What you are asked to do :: In the records below, find the line with "As can be seen, the" and repeat exactly every line from it through the line with "最后,希望全体同学树立大局意". Pictures stay out.

____ Records shown

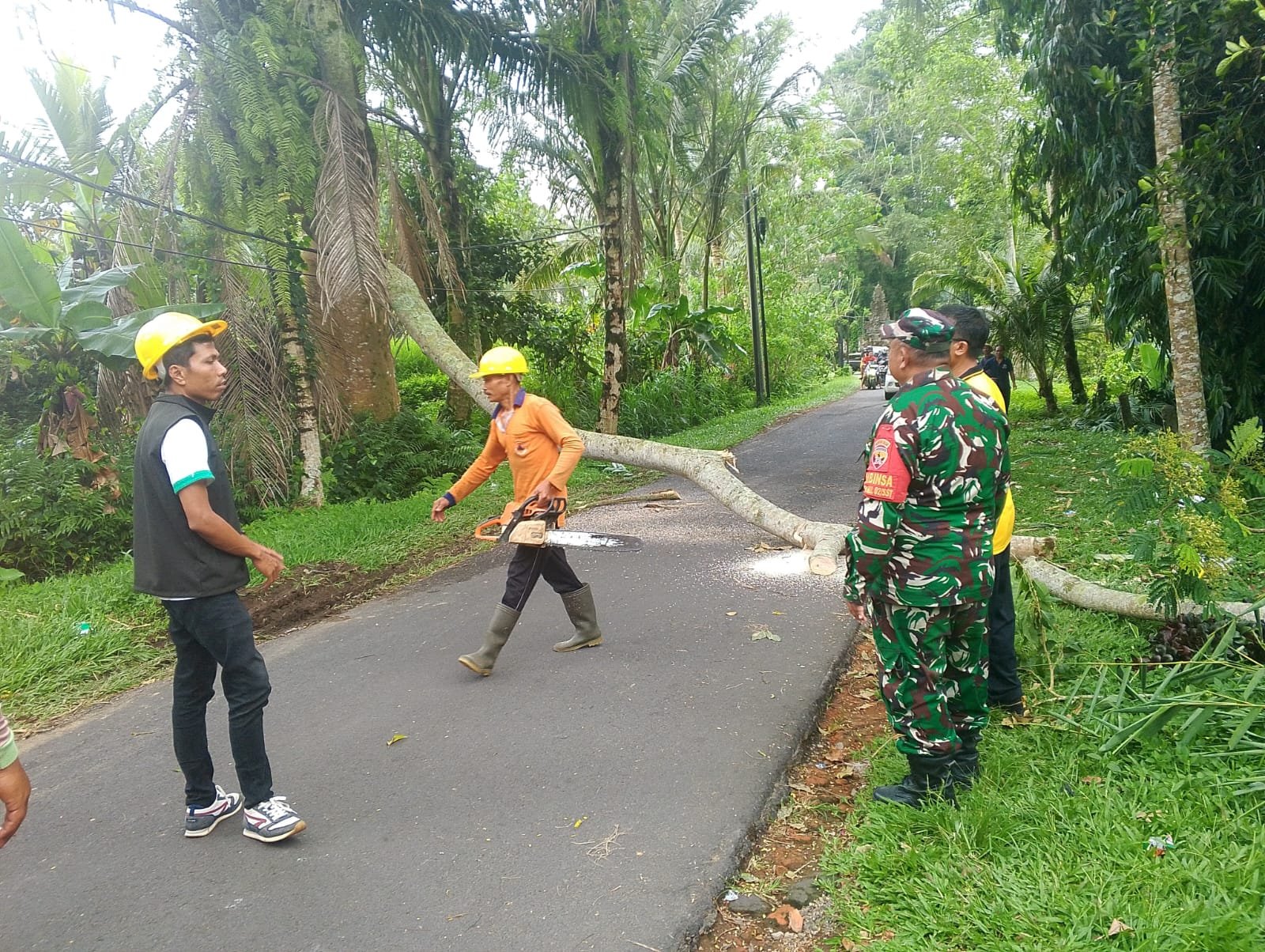 Kegiatan ini dilakukan secara sigap demi menjaga kelancaran arus lalu lintas dan keselamatan pengguna jalan. Berkat kerja sama antara Babinsa, Bhabinkamtibmas, serta masyarakat sekitar, pohon yang tumbang berhasil dipotong dan jalur dapat kembali dilalui kendaraan dengan aman.
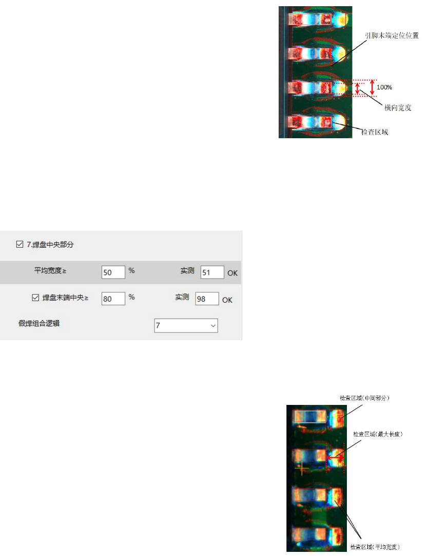 纵向长度:引脚顶端往焊盘末端检查设定的像素
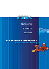The product selection for Russian market shows all components required for a safe installation of LPG tank and cylinder plants.
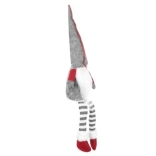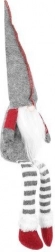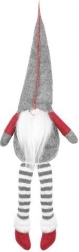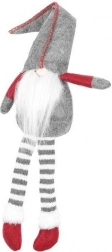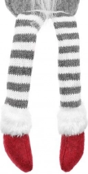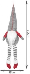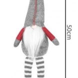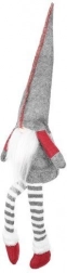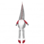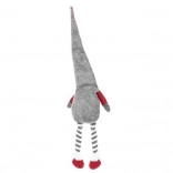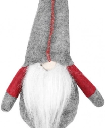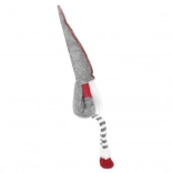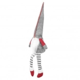Tekstilni dekorativni škrat v sivo-rdeči izvedbi ima značilno visoko koničasto kapo, dolge črtaste noge in mehak bel brk. Zahvaljujoč posebnemu profilu na zadnji strani stabilno sedi na robu mizice ali police in prostoru doda topel, domačen pridih.
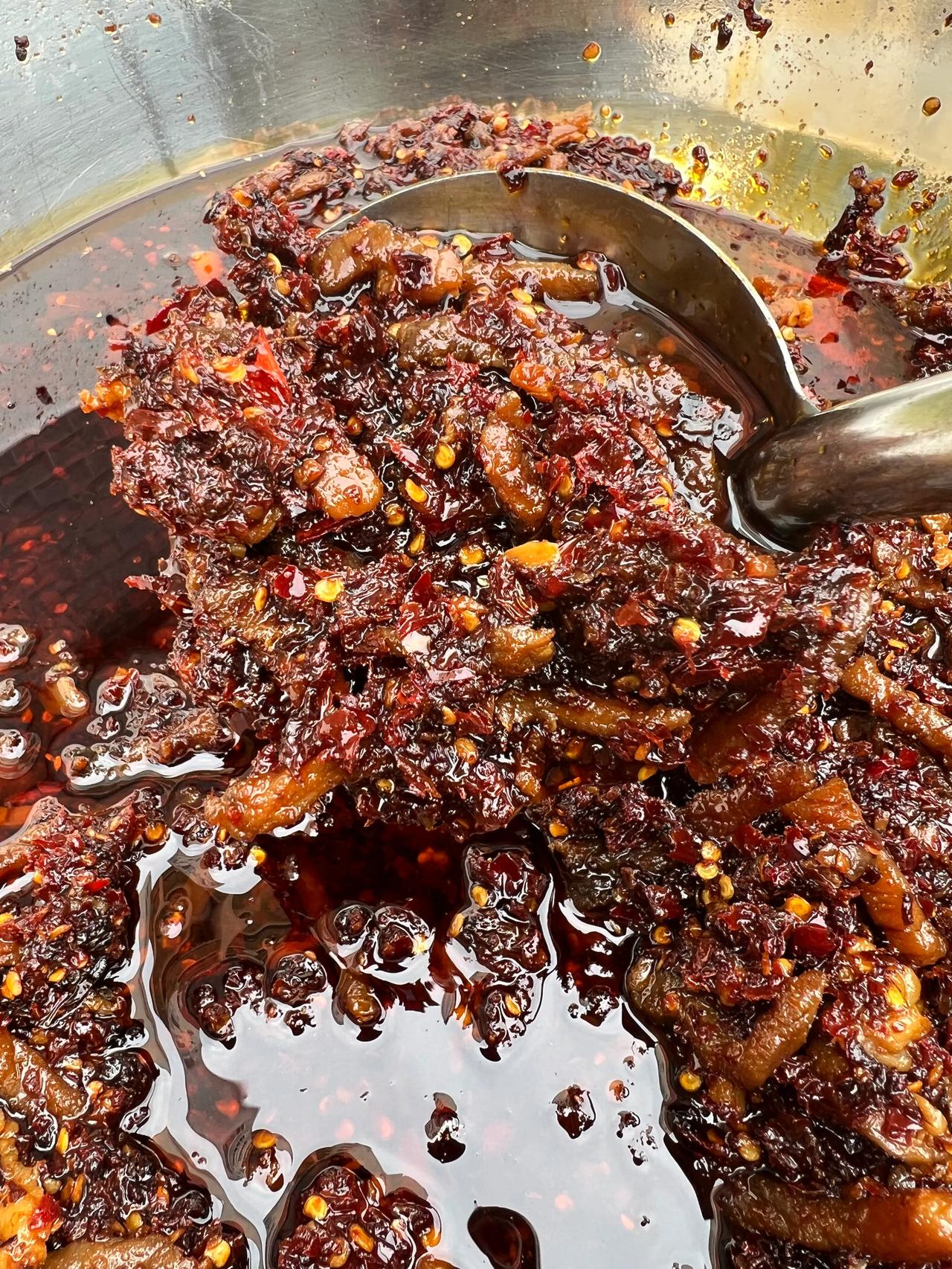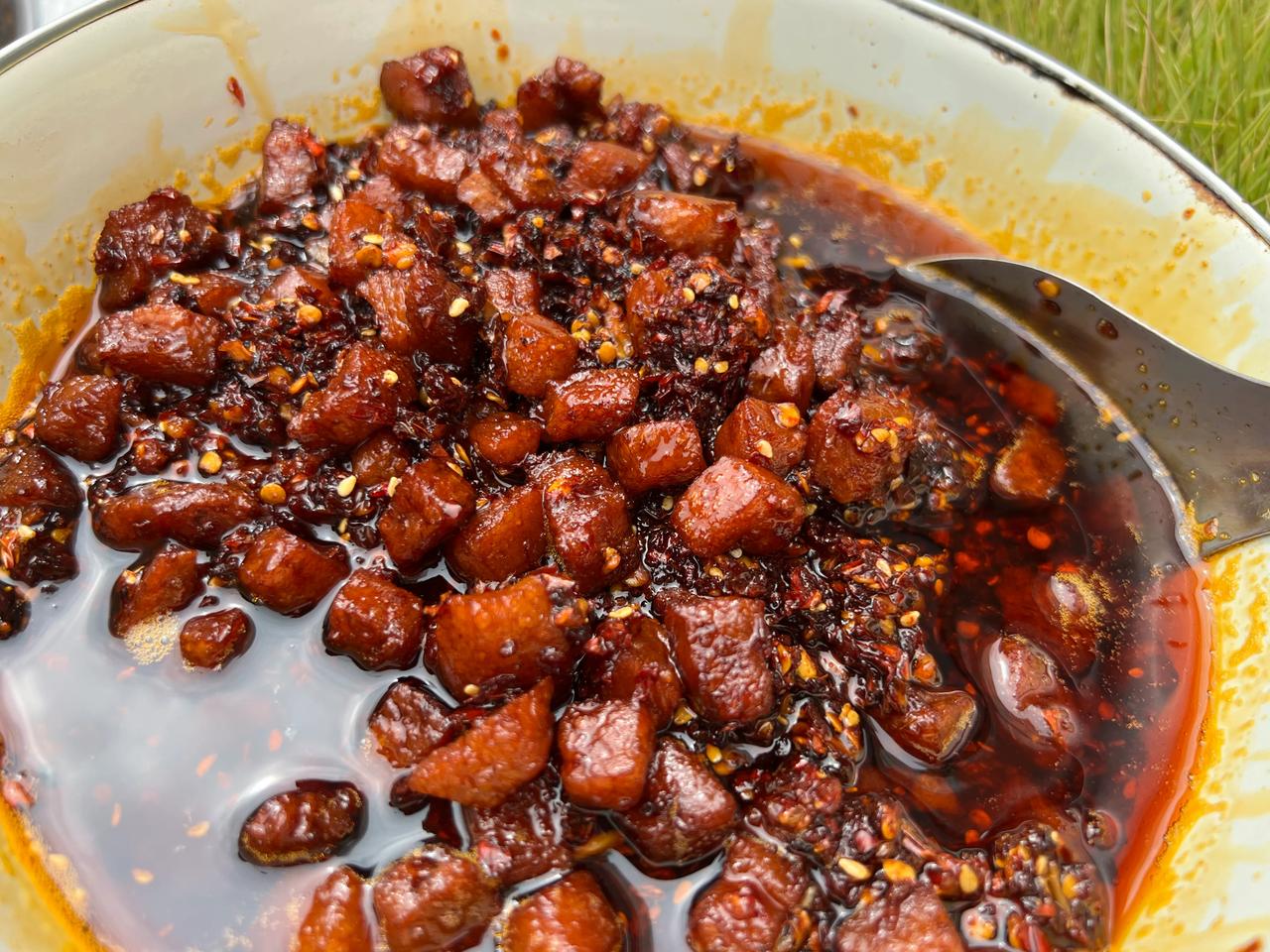 贵州香辣脆哨油辣椒,用来拌饭,拌粉拌面都可以的辣椒,里面是猪肉哦,早餐无肉不欢的朋友可以看看。贵州糯米饭打卡 饮食贵州
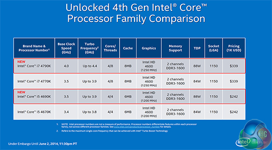 Perhaps of greatest importance is the fact that Devil's Canyon parts have replaced the Haswell 4670K and 4770K without any form of price bump. Tray price remains firm at $339 for the i7 and $242 for the i5. Current retail pricing looks identical to Haswell's ‘K' chips, with the 4790K commanding around £260-270 and the 4690K selling for under £190.
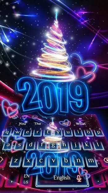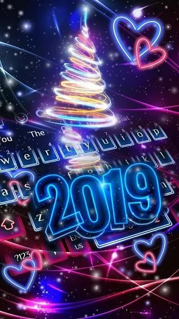Beautiful Shiny Neon New Year 2019 Keyboard Theme
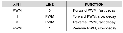 - xIN1=PWM, xIN2=1 → xOUT1=L, xOUT2=H と xOUT1=L, xOUT2=L が切り替わり
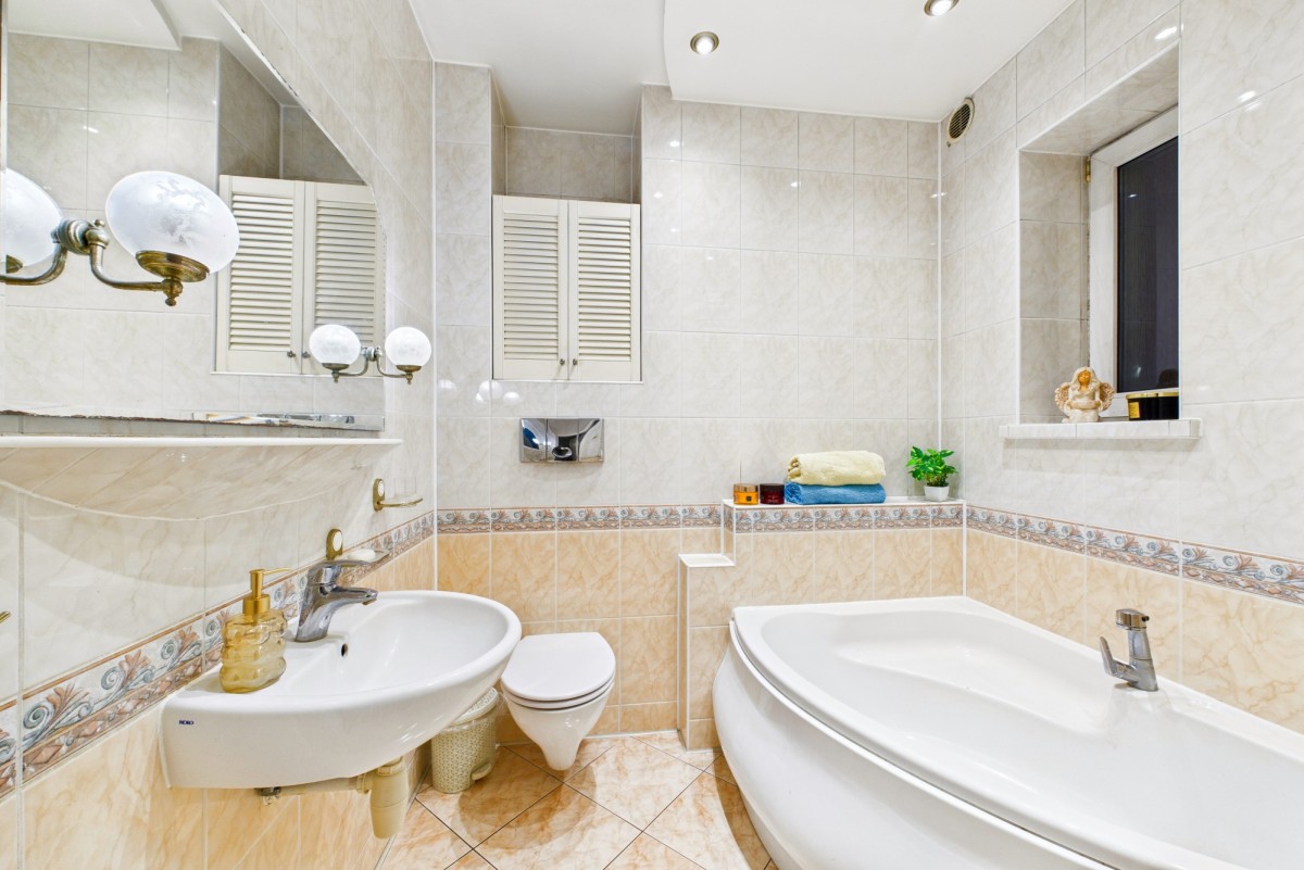- łazienka wyposażona w wannę, WC i umywalkę, a w pralni znajduje się dodatkowy prysznic,
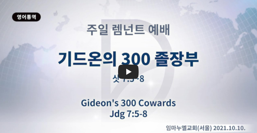 2022년 4월 21일(목) 분류 주일예배 설교- 렘넌트예배 제목 기드온의 300졸장부 성경 사사기 7:5-8 일시/장소 2021년 10월 10일, 임마누엘교회(서울) 설교 류광수 목사 (녹취정리: 차동호 목사) 출처 (사
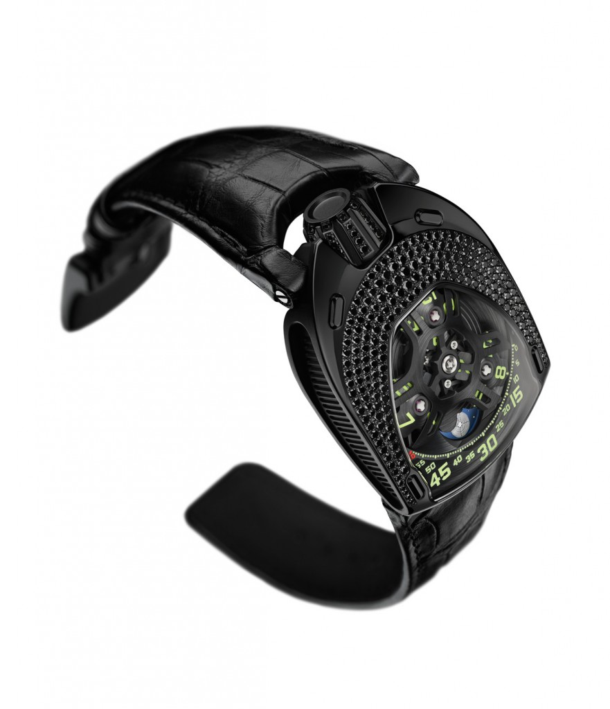 It comes in two versions: one in titanium and steel with diamonds on the bezel, crown and buckle; its antithesis is the black PVC-coated titanium and steel set with black diamonds. Beautiful and executed to perfection, it’s definitely clear to see why it has taken URWERK 18 years to perfect everything from case to right down to the movement and even something as small as choice of colour for the minutes slider.
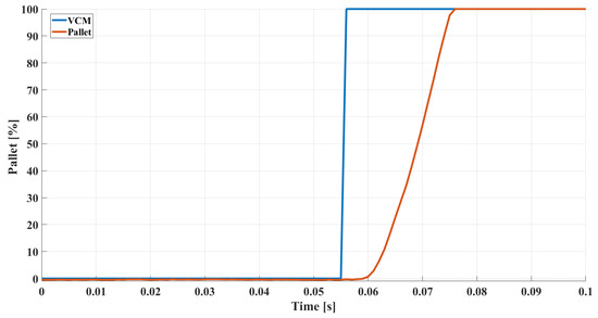 As can be seen, the full pallet opening time is 20 ms. Therefore, the relationship between the linearly varying VCM value and the pallet opening is displayed in Figure 7.
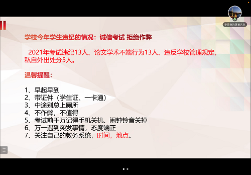最后,希望全体同学树立大局意识、责任意识、纪律意识,配合学校做好各项疫情防控工作,同心协力打赢这场疫情防控保卫战。勉励全体同学更加自律地完成学业,养成良好生活习惯,培养积极、阳光、健康的身心状态,在青春的赛道上跑出当代青年的最好成绩,做堪当民族复兴重任的时代新人。
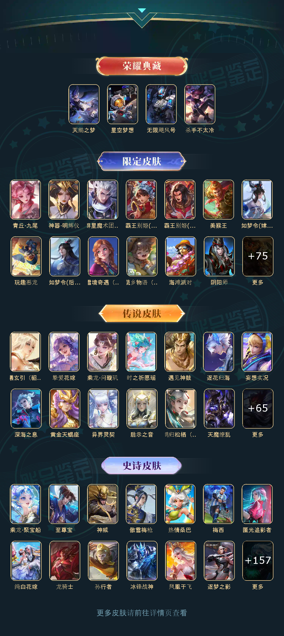 贵族等级V10,英雄数量127,典藏皮肤数4,皮肤数量524,冰锋战神街头霸王天鹅之梦纯白花嫁天魔缭乱至尊宝杀手不太冷凤求凰热情桑巴逐梦之影武陵仙君神奇女侠星空梦想梅西无限飓风号黄金狮子座一生所爱大圣娶亲冰霜恋舞曲青龙志白虎志朱雀志太华久胜战神飞衡梁祝白鹤梁神女匿光追影者遇见胡旋龙胆李逍遥武圣奔雷神使孙行者玉兔公主补天异界灵契神威启示之音傲雪梅枪淬星耀世时雨天司
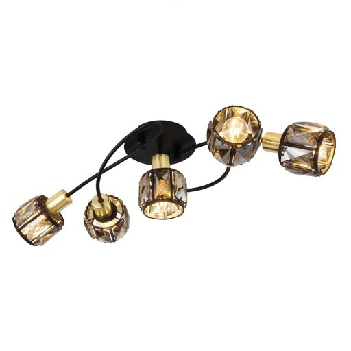 Matt fekete színű fém vázas mennyezeti lámpa arany színű betéttel, füstszínű üveg kristály betétes búrával, E14-es foglalattal.
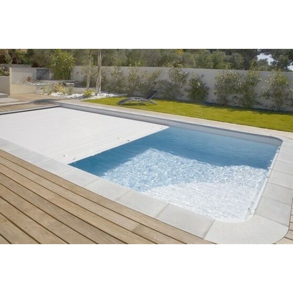 Cette couverture automatique est un modèle dont le moteur est logé dans l'axe.Elle couvre des piscines jusqu'à 12 x 8 m.
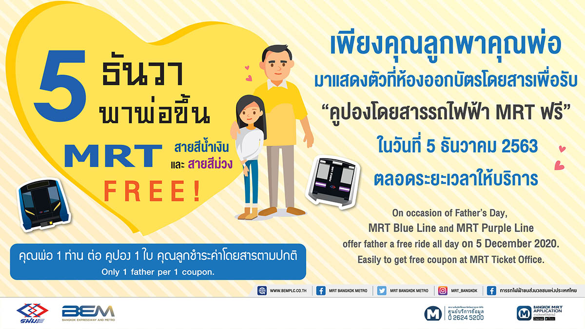 มิติหุ้น – การรถไฟฟ้าขนส่งมวลชนแห่งประเทศไทย (รฟม.) และ บริษัท ทางด่วนและรถไฟฟ้ากรุงเทพ จำกัด (มหาชน) หรือ BEM จัดกิจกรรม “5 ธันวา พาพ่อขึ้น MRT สายสีน้ำเงินและสายสีม่วงฟรี” เนื่องในวันพ่อแห่งชาติ 5 ธันวาคม 2563 ซึ่งเป็นวันคล้ายวันพระบรมราชสมภพพระบาทสมเด็จพระบรมชนกาธิเบศร มหาภูมิพลอดุลยเดชมหาราช บรมนาถบพิตร เพื่อส่งเสริมความสัมพันธ์ในครอบครัว ในการเดินทางท่องเที่ยวด้วยรถไฟฟ้า พร้อมร่วมรณรงค์ประหยัดพลังงานด้วยการใช้ระบบขนส่งสาธารณะ เพียงคุณลูกพาคุณพ่อมาแสดงตัวและรับคูปองโดยสารรถไฟฟ้า MRT ฟรี ที่ห้องออกบัตรโดยสารรถไฟฟ้า MRT สายเฉลิมรัชมงคล (สายสีน้ำเงิน) และรถไฟฟ้า MRT สายฉลองรัชธรรม (สายสีม่วง) ตลอดระยะเวลาให้บริการ สำหรับคุณลูกชำระค่าโดยสารตามปกติสอบถามรายละเอียดเพิ่มเติมได้ที่ศูนย์บริการข้อมูลโทร. 0–2624–5200 หรือติดตามทางช่องทางต่างๆ ได้ที่ เฟซบุ๊ก: MRT Bangkok Metro / ทวิตเตอร์: MRT Bangkok Metro / อินสตาแกรม: mrt_bangkok และ โมบายแอปพลิเคชัน: Bangkok MRT “เดินทางปลอดภัย สะดวก รวดเร็ว ด้วยรถไฟฟ้า MRT”
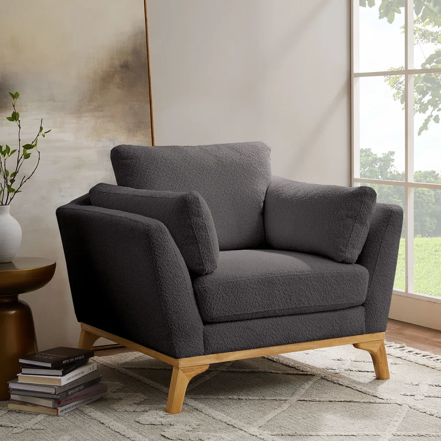 كنبة استرخاء بتصميم عصري وجذاب، مصنوعة من خشب الزان ومغطاة بقماش بوكلية الجذاب. تتميز الأريكة بوسادة مبطنة بالإسفنج لتوفير الراحة والدعم خلال الجلوس، كما تأتي بعدة الوان من اختيارك لتناسب احتياجات المساحة المتاحة .

________

Result of this task ::
 As can be seen, the full pallet opening time is 20 ms. Therefore, the relationship between the linearly varying VCM value and the pallet opening is displayed in Figure 7.
最后,希望全体同学树立大局意识、责任意识、纪律意识,配合学校做好各项疫情防控工作,同心协力打赢这场疫情防控保卫战。勉励全体同学更加自律地完成学业,养成良好生活习惯,培养积极、阳光、健康的身心状态,在青春的赛道上跑出当代青年的最好成绩,做堪当民族复兴重任的时代新人。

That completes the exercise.